That same year, the Omaha Police Department arrested George Baird and C. McCaffrey, two speakers who were charged with obstructing the sidewalk. Hundreds of people were listening to the men give a talk on Socialism when three policemen made the arrest and broke up the crowd.
In the 1910s the Omaha World-Herald reported there were “thousands of people daily” at the park. Installing two fountains and cement paths, there was landscaping everywhere with flowers and more. An Omaha attorney named Simeon Bloom left $3,000 in his will to the city when he died in 1903. Designated for “refreshment of man and beast,” it sat in the park for decades.

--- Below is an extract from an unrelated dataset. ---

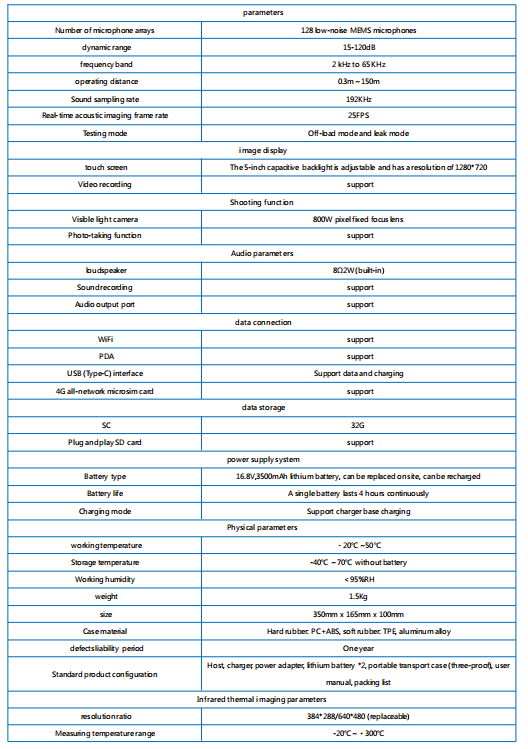 Supports audible sound and ultrasonic frequency bands, equipped with high precision MEMS sensors and 128 low noise MEMS microphones, which can capture different frequency sound waves, strictly filter out environmental noise, easily find the real source signal, and ensure the accuracy of detection.

A national report on American cities from 1909 cited the park as one of the most notable in Omaha, on par with Miller, Hanscom, Riverview and Elmwood Parks. In 1910, a group of advocates from North Omaha asked the City to considered moving the old Douglas County Courthouse to Jefferson Square to serve as an art museum. Community leaders including George Sheperd sat on the official City committee to consider the proposal. Advocating a gymnasium and bathhouse be built in the basement of the building, the proposal didn’t happen and the building was simply demolished.
Becoming a “Hobo’s Home”

The park didn’t stay popular with everyone. During the 1910s, it was frequently targeted by City government officials. The chief of police was quoted characterizing it as “the hoboes’ home” when railing against people sleeping in the park. The city council designated money for dozens of benches that year. “Oftentimes citizens like to go to the park for a rest, but when they see a lot of dirty hoboes strung out all over the park, taking life easy in their own fashion, they desist. The park has become a congregating place for those who are taking the open-air ours through necessity.”

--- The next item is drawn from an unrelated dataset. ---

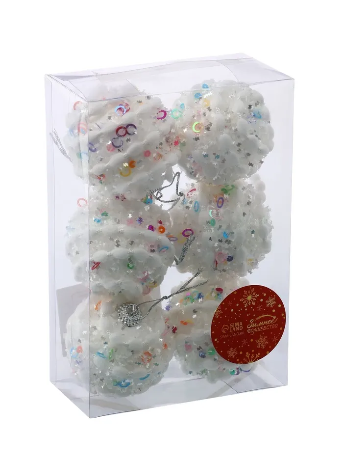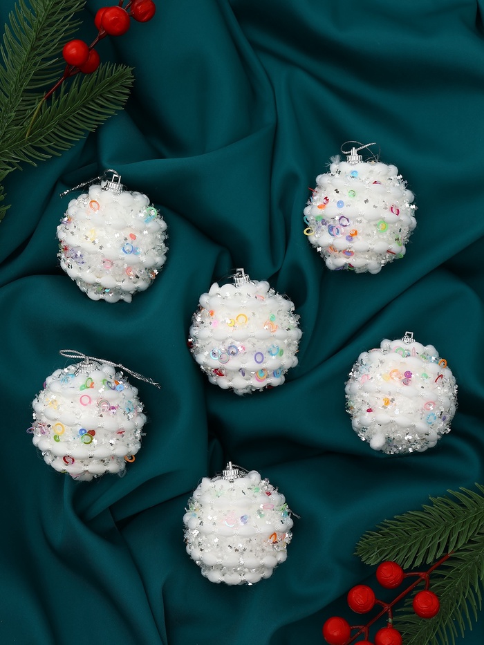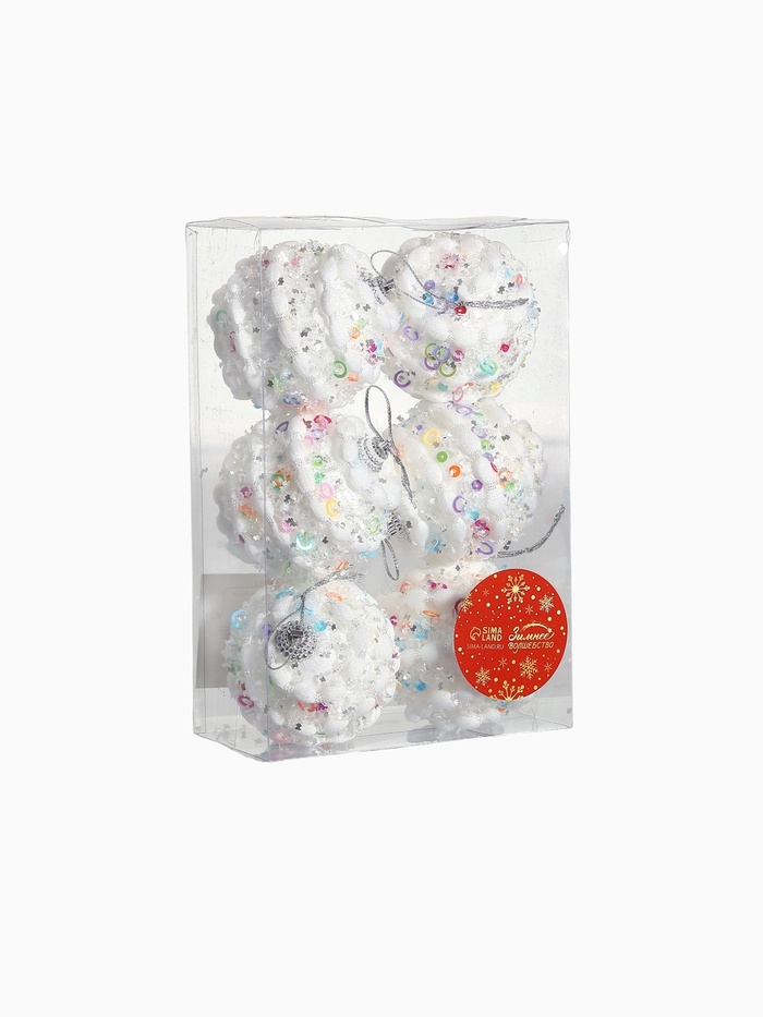 Ёлочные игрушки «Акли», шары новогодние, d=6 см, 6 шт., белый — Характеристики

Concerned with how relaxed people appeared in the park, it was 1913 when City of Omaha Parks commission Joe Hummel “ordained it” that “Jefferson Square, goal of the footsore and weary, must cease to exist as a loafing center and rostrum for socialists, free thinkers, anarchists and soapbox orators.” That year, the Omaha City Council made it a misdemeanor crime “for any person to recline on the grassy carpet in any park, to make speeches to his brethren gathered there, or even to walk on the earth in said park along any but the beaten paths.” Although it applied to all the city parks, Hummel said “it strikes at the conglomerate crew which has enjoyed Jefferson Square so long that the memory of men runneth not to the contrary.” Another clause attributed by Hummel to Jefferson Square particularly said, “It is further provided… that drunken men be not permitted in the parks, that no games of chance or any business be transacted therein and that patrons of the parks be required to sit on benches provided for them and not on the grass or flower beds.” Within a week though, Hummel rescinded his condemnation. He was quoted in the Omaha Bee as saying, “We can’t always do what we want to. Now, I don’t intend to try to keep them off the grass in any of the parks. It’s no use… You can’t stop people from gathering in the street, can you? Well, neither can you stop them from gathering in the parks and walking around. There you are.”
In 1915, the U.S. Army set up a recruiting booth in the park “who will be there regularly to help in the work of the Omaha army recruiting station.” Although not allowed to “accost prospective rookies,” they did “assertively” answer questions about the opportunities and advantages of signing up. The Ladies of the Grand Army of the Republic recognized Omaha’s patriotic contributions by donating a flag to the City via Mayor “Cowboy” Jim Dahlman at a Jefferson Square Park ceremony in 1917.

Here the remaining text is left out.